Azmeh, also known to be the first Arab musician to obtain a first prize award in Moscow’s Nicolay Rubinstein International Youth competition, said it’s more than just coming to the school to play and perform. He said it’s about giving back and seeing the impact it has on others.

“It’s about becoming part of a community, sharing your most intimate feelings with the world basically,” he said. “So especially when you come in a university context, it’s important because you don’t only do the performance, you interact with the students. You try to teach them and help them to get things out. But also in the meantime, you get inspired by the students.”

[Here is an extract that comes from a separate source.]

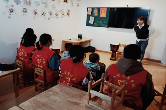 在活动中,志愿者们协助星星树康复中心的老师们开展教学活动,耐心的陪伴自闭症孩子们进行日常学习,了解他们的生活、心理和学习方式,让孩子们感受到尊重、关心和爱护。
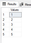 FROM (VALUES (1),(2),(3),(4),(5)) Nums([Values]);

The final concert, which was hosted on Friday, April 19, included individual and collective pieces played by the quartet and Azmeh. Many students and other members of the San Diego community came to witness the performance.

The first part of the performance featured the quartet performing a piece on healing, derived from inspiration from the story of David and Saul found in the Abrahamic religions. The quartet said they focused on the story of healing and the good and the bad that a person can go through before reaching the end. The second half of the concert were solos performed by Azmeh and two other members of the quartet.

One of the students in attendance was Jasmin Rikard, a third-year music performance major. Rikard said she believes the decision to bring Brooklyn Rider to campus was a worthwhile and smart decision.

“San Diego’s becoming known for its classical music and to have such a large ensemble here in San Diego once a year… it would be really influential,” she said. “To have a group like Brooklyn Rider that plays contemporary pieces and classical pieces with a lot of soul — it’s important.”